◆ Work instructions: Here is the task for the listing below: output exactly the lines from the one containing "مشروع مخازن منشأة" through the one containing "These trendy Floral", and leave out the pictures.

** Opening Material for this task block **

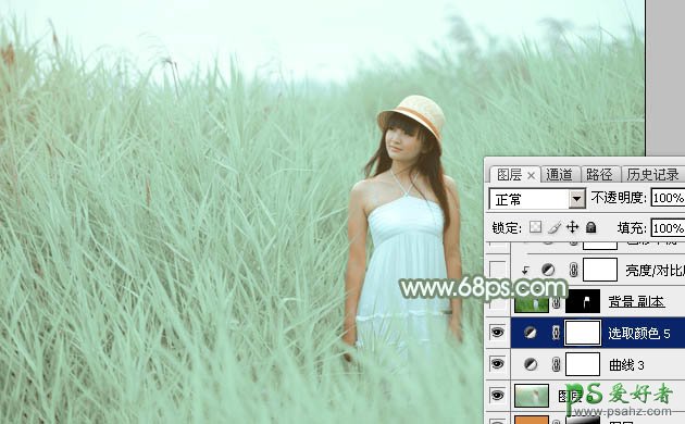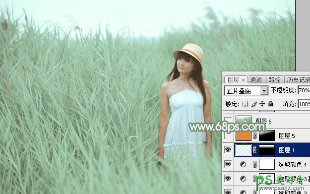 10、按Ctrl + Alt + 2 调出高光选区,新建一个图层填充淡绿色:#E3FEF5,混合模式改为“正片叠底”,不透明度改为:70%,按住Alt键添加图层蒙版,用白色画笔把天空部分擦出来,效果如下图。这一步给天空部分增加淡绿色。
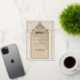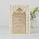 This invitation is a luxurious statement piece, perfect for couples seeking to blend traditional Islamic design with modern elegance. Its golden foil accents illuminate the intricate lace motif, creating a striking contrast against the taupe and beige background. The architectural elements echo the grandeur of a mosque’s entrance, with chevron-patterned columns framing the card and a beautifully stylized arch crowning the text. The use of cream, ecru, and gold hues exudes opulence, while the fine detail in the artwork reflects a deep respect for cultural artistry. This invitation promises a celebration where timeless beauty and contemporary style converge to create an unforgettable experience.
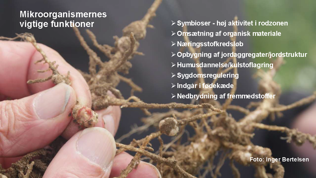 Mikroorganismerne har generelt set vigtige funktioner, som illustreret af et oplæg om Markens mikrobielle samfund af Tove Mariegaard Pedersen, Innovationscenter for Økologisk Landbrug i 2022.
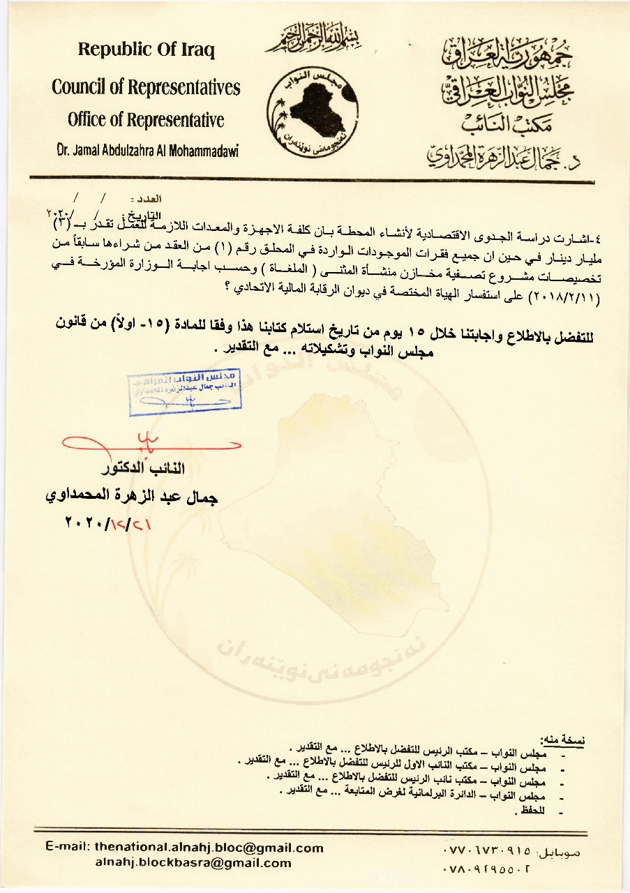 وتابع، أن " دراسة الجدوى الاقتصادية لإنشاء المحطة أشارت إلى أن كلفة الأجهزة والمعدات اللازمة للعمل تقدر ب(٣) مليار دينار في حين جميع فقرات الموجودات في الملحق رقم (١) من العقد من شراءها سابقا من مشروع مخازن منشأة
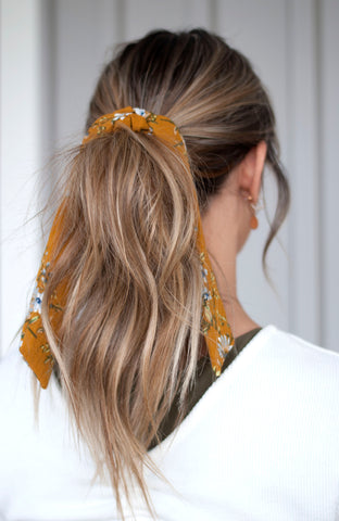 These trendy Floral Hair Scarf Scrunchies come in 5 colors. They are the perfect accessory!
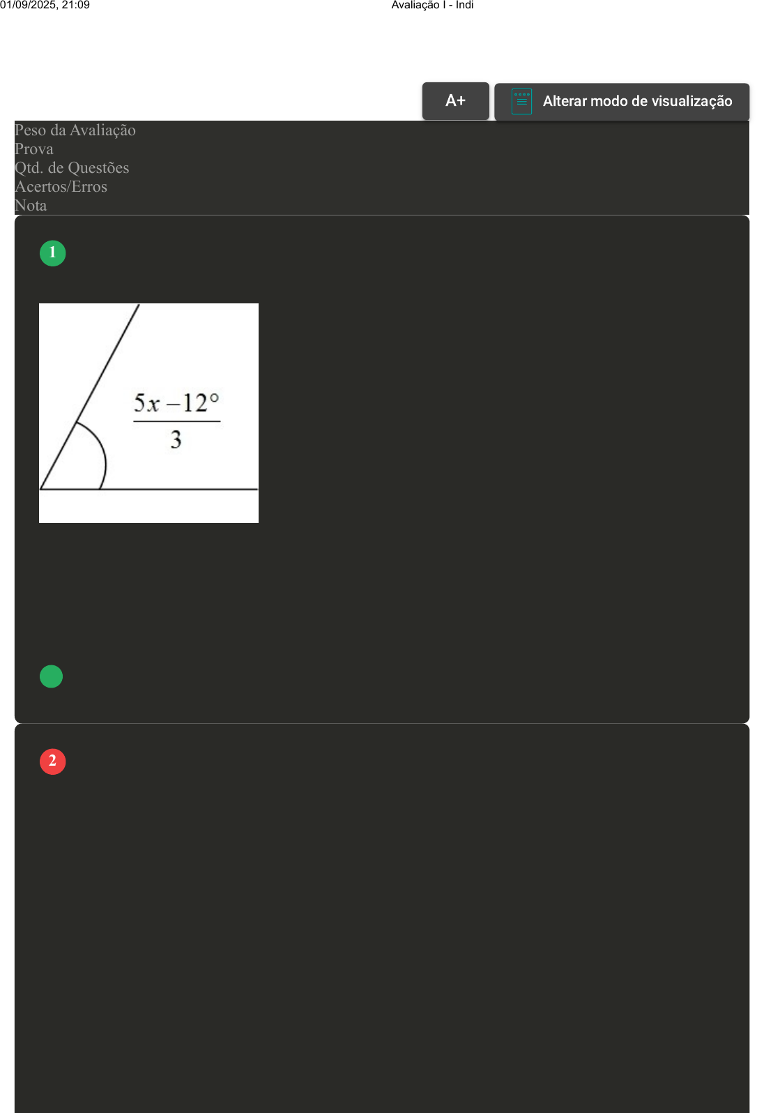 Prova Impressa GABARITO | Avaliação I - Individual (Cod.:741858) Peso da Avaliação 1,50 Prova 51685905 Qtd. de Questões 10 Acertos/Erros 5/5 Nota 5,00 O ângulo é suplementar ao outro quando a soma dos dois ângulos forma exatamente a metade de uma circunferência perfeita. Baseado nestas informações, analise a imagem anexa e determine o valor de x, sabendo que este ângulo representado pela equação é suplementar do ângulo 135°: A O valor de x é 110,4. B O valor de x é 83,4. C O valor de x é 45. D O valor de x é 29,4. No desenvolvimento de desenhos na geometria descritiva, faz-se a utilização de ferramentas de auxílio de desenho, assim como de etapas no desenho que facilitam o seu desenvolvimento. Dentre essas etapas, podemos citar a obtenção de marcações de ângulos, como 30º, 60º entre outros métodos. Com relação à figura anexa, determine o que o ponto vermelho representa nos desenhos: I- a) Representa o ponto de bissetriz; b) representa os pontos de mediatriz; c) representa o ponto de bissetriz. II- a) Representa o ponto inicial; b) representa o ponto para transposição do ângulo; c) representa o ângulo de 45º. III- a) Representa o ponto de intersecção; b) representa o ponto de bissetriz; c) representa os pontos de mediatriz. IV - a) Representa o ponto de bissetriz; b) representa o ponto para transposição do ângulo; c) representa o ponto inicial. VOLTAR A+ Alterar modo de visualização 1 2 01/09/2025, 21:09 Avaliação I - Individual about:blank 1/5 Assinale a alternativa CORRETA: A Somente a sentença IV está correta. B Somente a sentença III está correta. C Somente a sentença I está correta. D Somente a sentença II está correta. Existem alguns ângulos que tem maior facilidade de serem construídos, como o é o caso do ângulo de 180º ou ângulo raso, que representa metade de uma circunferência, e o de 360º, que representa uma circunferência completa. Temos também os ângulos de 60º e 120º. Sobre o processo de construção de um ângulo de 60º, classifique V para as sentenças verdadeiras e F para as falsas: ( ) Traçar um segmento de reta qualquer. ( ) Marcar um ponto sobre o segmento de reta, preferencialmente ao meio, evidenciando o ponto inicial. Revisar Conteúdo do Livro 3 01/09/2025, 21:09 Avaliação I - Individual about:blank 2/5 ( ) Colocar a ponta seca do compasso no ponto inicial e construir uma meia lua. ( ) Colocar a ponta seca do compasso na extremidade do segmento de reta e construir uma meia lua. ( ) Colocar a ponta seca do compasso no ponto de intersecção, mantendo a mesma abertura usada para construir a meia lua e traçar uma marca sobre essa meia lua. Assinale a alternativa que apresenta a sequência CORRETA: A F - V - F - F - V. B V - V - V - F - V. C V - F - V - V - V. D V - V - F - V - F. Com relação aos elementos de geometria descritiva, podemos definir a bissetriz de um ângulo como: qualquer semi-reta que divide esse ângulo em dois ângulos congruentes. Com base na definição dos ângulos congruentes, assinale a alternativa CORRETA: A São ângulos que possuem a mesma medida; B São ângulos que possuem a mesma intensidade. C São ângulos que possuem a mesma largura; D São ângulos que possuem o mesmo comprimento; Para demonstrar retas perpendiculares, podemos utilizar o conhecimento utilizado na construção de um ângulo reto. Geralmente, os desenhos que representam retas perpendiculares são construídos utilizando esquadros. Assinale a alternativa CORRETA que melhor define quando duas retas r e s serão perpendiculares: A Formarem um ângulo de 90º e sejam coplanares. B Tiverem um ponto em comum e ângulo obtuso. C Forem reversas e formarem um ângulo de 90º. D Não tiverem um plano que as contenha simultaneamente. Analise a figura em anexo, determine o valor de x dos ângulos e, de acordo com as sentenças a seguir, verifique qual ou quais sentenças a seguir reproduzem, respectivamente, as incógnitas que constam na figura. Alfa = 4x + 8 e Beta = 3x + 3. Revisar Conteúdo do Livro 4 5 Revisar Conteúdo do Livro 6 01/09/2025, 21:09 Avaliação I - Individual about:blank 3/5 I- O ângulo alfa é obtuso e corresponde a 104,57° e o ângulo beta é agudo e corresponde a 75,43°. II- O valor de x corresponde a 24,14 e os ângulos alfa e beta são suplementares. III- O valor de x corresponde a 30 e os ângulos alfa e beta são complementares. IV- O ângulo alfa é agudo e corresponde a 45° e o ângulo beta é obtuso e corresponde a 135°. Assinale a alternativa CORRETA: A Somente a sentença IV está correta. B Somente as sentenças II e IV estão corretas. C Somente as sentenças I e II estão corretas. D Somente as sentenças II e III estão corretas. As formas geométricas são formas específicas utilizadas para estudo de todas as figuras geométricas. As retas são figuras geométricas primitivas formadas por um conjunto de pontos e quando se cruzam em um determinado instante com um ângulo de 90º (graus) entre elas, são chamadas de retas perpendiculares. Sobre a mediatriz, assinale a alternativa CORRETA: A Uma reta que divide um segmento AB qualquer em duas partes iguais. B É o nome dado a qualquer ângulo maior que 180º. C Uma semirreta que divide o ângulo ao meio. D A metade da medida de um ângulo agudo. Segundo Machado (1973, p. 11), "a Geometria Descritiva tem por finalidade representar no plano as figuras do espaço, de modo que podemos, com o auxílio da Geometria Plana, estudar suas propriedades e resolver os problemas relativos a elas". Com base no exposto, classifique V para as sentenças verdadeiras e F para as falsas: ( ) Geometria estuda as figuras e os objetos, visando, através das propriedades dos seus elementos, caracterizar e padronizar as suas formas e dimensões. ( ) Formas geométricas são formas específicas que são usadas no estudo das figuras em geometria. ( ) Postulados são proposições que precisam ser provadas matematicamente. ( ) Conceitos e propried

** Closing Material for this task block **

◆ Exercise output:
 وتابع، أن " دراسة الجدوى الاقتصادية لإنشاء المحطة أشارت إلى أن كلفة الأجهزة والمعدات اللازمة للعمل تقدر ب(٣) مليار دينار في حين جميع فقرات الموجودات في الملحق رقم (١) من العقد من شراءها سابقا من مشروع مخازن منشأة
 These trendy Floral Hair Scarf Scrunchies come in 5 colors. They are the perfect accessory!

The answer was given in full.